Quarterback Joe Burrow and LSU are a lethal combination. No one has stopped Burrow, and no one has beaten the top-ranked Tigers this season.

Texas A&M is not going to stop Burrow either. If 11 other teams couldn’t, a group that includes Auburn, Alabama and Florida, then neither are the Aggies.

But that doesn’t mean A&M can’t win Saturday at Tiger Stadium. Auburn and Florida both came close, and their efforts prove the Aggies have a chance. A&M can do the things that Auburn and Florida did, maybe even better.

Auburn and Florida weren’t intimidated by playing at Tiger Stadium. Neither will the Aggies after playing four top 10 teams, including road games at Georgia and Clemson, which also fondly calls its stadium Death Valley.

Auburn and Florida were much alive in LSU’s Death Valley, scoring enough points to be in position to win. That wasn’t even that shocking. LSU has allowed seven of its 11 opponents to score at least 20 points. So A&M is going to score points, but when and how many will determine its chances.

LSU’s first two-score lead against Auburn came early in the fourth quarter on a 7-yard touchdown run by Burrow for a 23-13 advantage. Auburn fought back, scoring a touchdown with 2 minutes, 32 seconds left to make the final 23-20.

Florida played even better than Auburn.

LSU didn’t get a two-score lead on the Gators until 5:43 left in the game when Ja’Marr Chase caught a 54-yard touchdown pass to make the final 42-28. Chase’s long TD catch ended 21 unanswered LSU points after Florida scored on the opening possession of the second half for a 28-21 lead.

All of Florida’s touchdown drives took at least 10 plays, eating up lots of clock. Auburn also had a 14-play, field-goal drive, but time of possession means nothing to LSU because its offense is so potent.
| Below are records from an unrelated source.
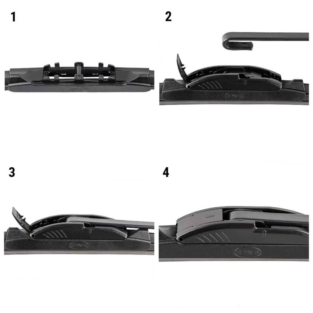Щетка стеклоочистителя Heyner устанавливается на различные марки автомобилей при помощи специальных адаптеров. Преимущество изделия заключается в универсальности: щетка эффективно работает в любую погоду, в том числе и зимой. Резина остается мягкой, плотно прилегает к стеклу, не оставляет следов и царапин.
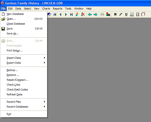 functions, opening and closing database files, opening saved chart and report files, importing data files, and exporting data files.
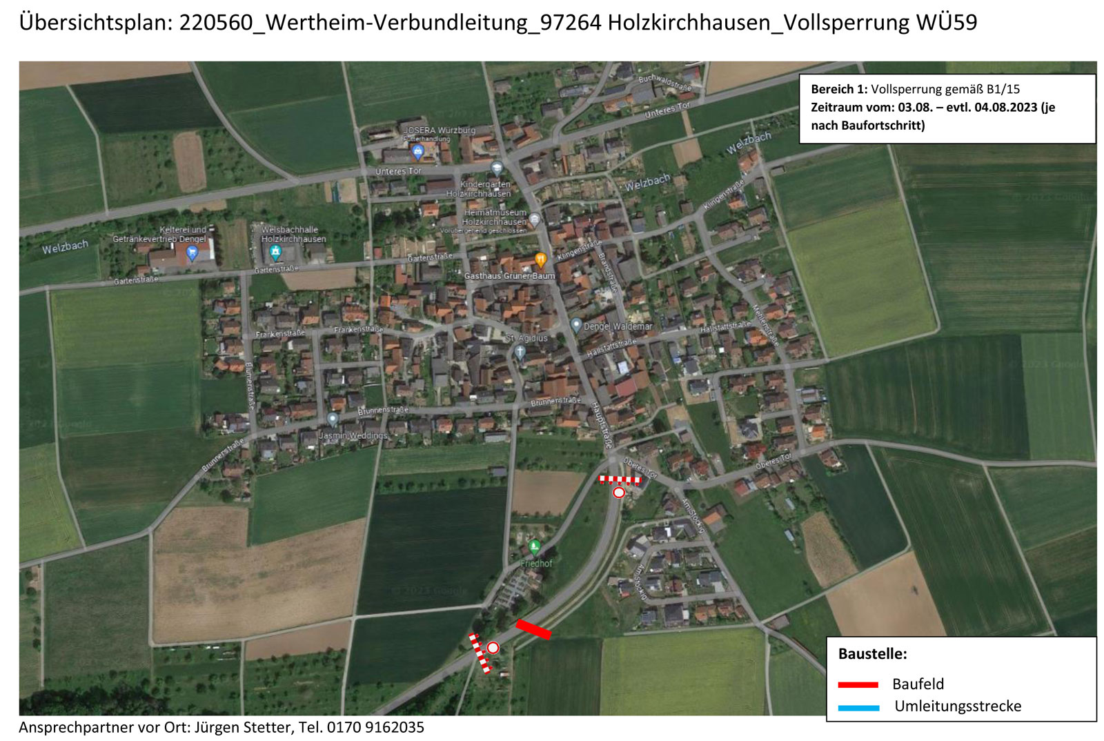 Von Donnerstag, 03.08.2023 bis Freitag, 04.08.2023 wird die Kreisstraße WÜ 59 zwischen Holzkirchhausen und Neubrunn wegen Straßenbauarbeiten im Bereich Holzkirchhausen ganztägig in beiden Richtungen gesperrt. Das berichtet die Verkehrsunternehmens-Verbund Mainfranken GmbH. Während der Sperrung wird die Omnibuslinie 470 umgeleitet. Die Haltestelle „Holzkirchhausen“ wird währenddessen nicht bedient.
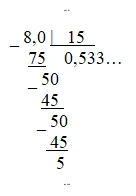 б) Чтобы перевести дробь $\frac{8}{15}$ в десятичную, разделим числитель 8 на знаменатель 15:
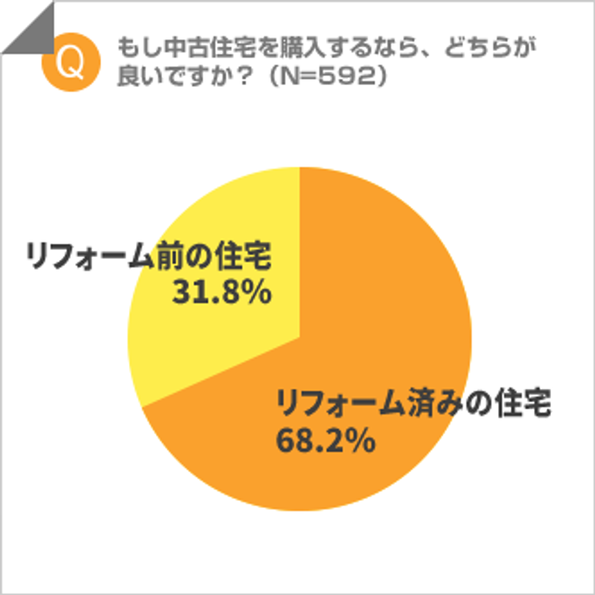 【調査】中古住宅買うなら?買い手側の本音は・・・リフォーム済みの方が良い68.2%!リフォーム前住宅希望者は財布のひもが固い?
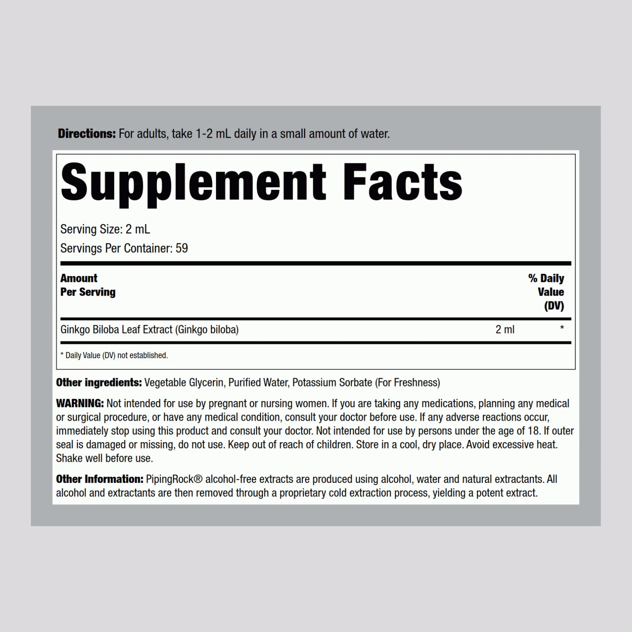 Piping Rock® alcohol-free extracts are produced using alcohol, water and natural extractants. All alcohol and extractants are then removed through a proprietary cold extraction process, yielding a liquid extract. Processed in our cGMP facility.

All but one of LSU’s touchdown drives against Florida took less than 2:10. LSU had the ball for only 21:41.

Saturday’s game is not going to be determined by how long A&M possesses the ball but how many times it scores. It’s also not necessarily going to help A&M being balanced offensively. Scoring, ultimately, matters most, and A&M’s offense should go into the game confident, because teams have moved the ball on LSU with some consistency.

That’s not to say time of possession can’t help A&M. Part of the problem with trying to defend LSU happens when opposing offenses score too quickly on the Tigers. Aggie fans saw glimpses of that phenomenon during the Kevin Sumlin era.

The trick for A&M is to mix points with clock control, and it all starts with possession No. 1. The Aggies can’t start chasing LSU. Florida and Auburn kept the game close by using their ground games. In fact, every Southeastern Conference team has rushed for at least 100 yards against LSU. Auburn had 33 carries for 130 yards and Florida had 40 for 146. Those are nice numbers, but only if they’re turned into points.

If you can run, you should be able to throw. Auburn freshman quarterback Bo Nix didn’t fare particularly well, completing just 15 of 35 passes for 157 yards. Florida’s Kyle Trask was much better at 23 of 39 for 310 yards with two touchdowns.

Auburn averages 427.2 yards per game to rank 55th in the country. Florida ranks 60th at 416.5. A&M is between at 419.6 (57th).

A&M has the more experienced quarterback in Kellen Mond, who beat LSU last year. Mond hasn’t had a turnover in 18 quarters. Ball security would be a big plus. Auburn and Florida combined for only three turnovers, but LSU had only one. A&M can’t give the nation’s second-highest scoring team extra possessions.

Florida was 16 yards away from a tying touchdown midway through the fourth quarter when Trask threw an interception. Four plays later, LSU scored for a two-TD lead. That was the game’s only turnover.

LSU has been good at not beating itself this season, which makes the task harder for A&M. The Aggies, who are 0-4 against ranked teams this season, will have to pounce on any Tiger mistakes Saturday or suffer the same fate as LSU’s previous 11 opponents.